One issue is well known, i.e. security.privileged=true and nvidia.runtime=true still do not work well together, but the workaround (i.e. installing the nvidia-drivers within LXD container) works fine.
But I was wondering, if instead of using the bulky security.privileged=true option to get those CUDA containers running, maybe some more fine-grained security settings (syscalls, caps, …) would work in this case too ? Similarly to Stephane’s instructions of running “non-nvidia” Docker containers inside an unprivileged LXD container with: security.syscalls.intercept.mknod=true and security.syscalls.intercept.setxattr=true ?
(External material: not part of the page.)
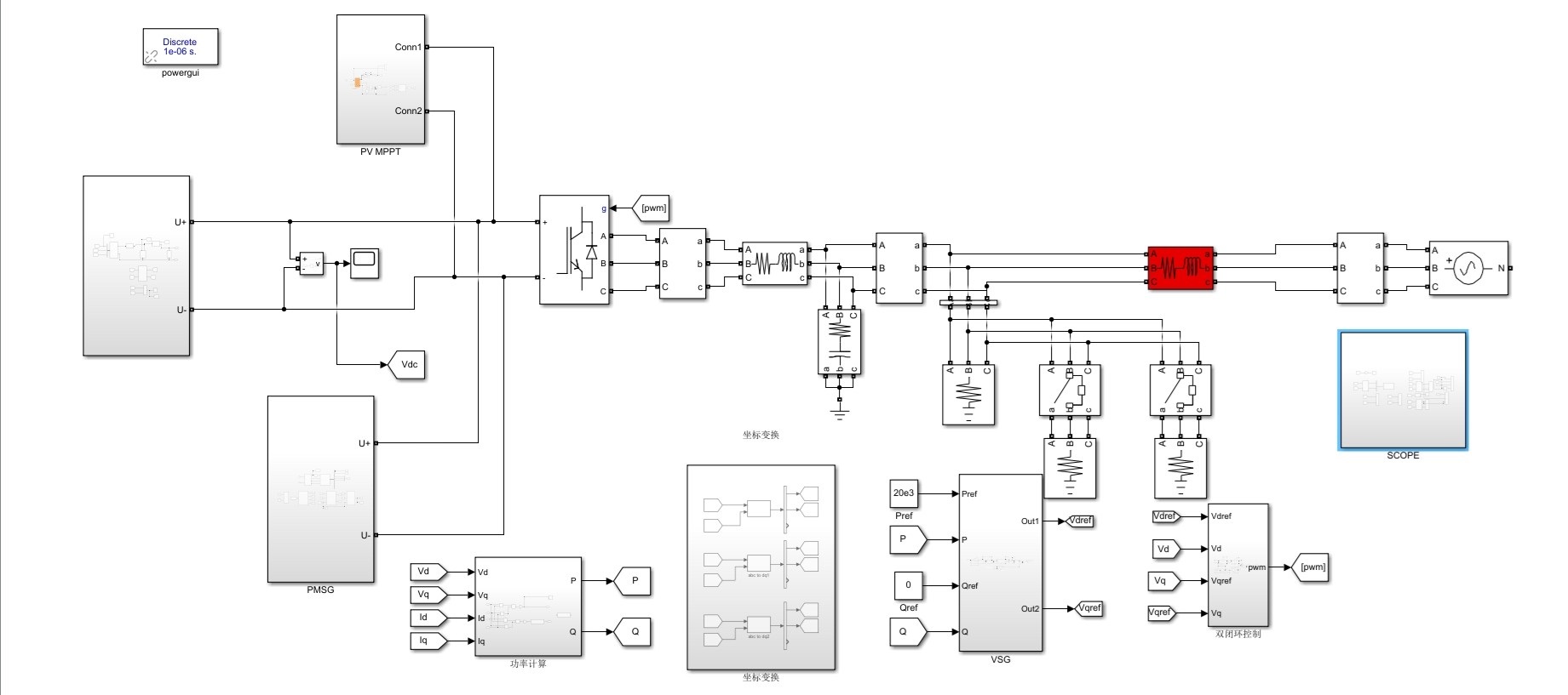 而并网逆变器采用虚功容量控制(VSG)策略,通过对逆变器输出的有功功率(Pref)和无功功率(Qref)进行控制,将直流母线上的电能转换为交流电能,并通过lc滤波器将其并入大电网。在本系统中,逆变器的Pref设置为20kW,Qref为0var。

When I unset the security.privileged option in my LXD container (in which the “CUDA” Docker containers work perfectly fine, if it is configured as privileged), trying to run for example:
docker run --rm --gpus all --ipc=host nvidia/cuda:11.4.1-base-ubuntu20.04 nvidia-smi
gives:
docker: Error response from daemon: OCI runtime create failed: container_linux.go:380: starting container process caused: process_linux.go:545: container init caused: Running hook #0:: error running hook: exit status 1, stdout: , stderr: nvidia-container-cli: mount error: write error: /sys/fs/cgroup/devices/docker/098ad8bf1fdcf4ab72091864933fbc8b67a8f0b30746681ba6ef4082c23245b9/devices.allow: operation not permitted: unknown.
Or is the security.privileged=true the only way to go ?
Thanks,
Waldek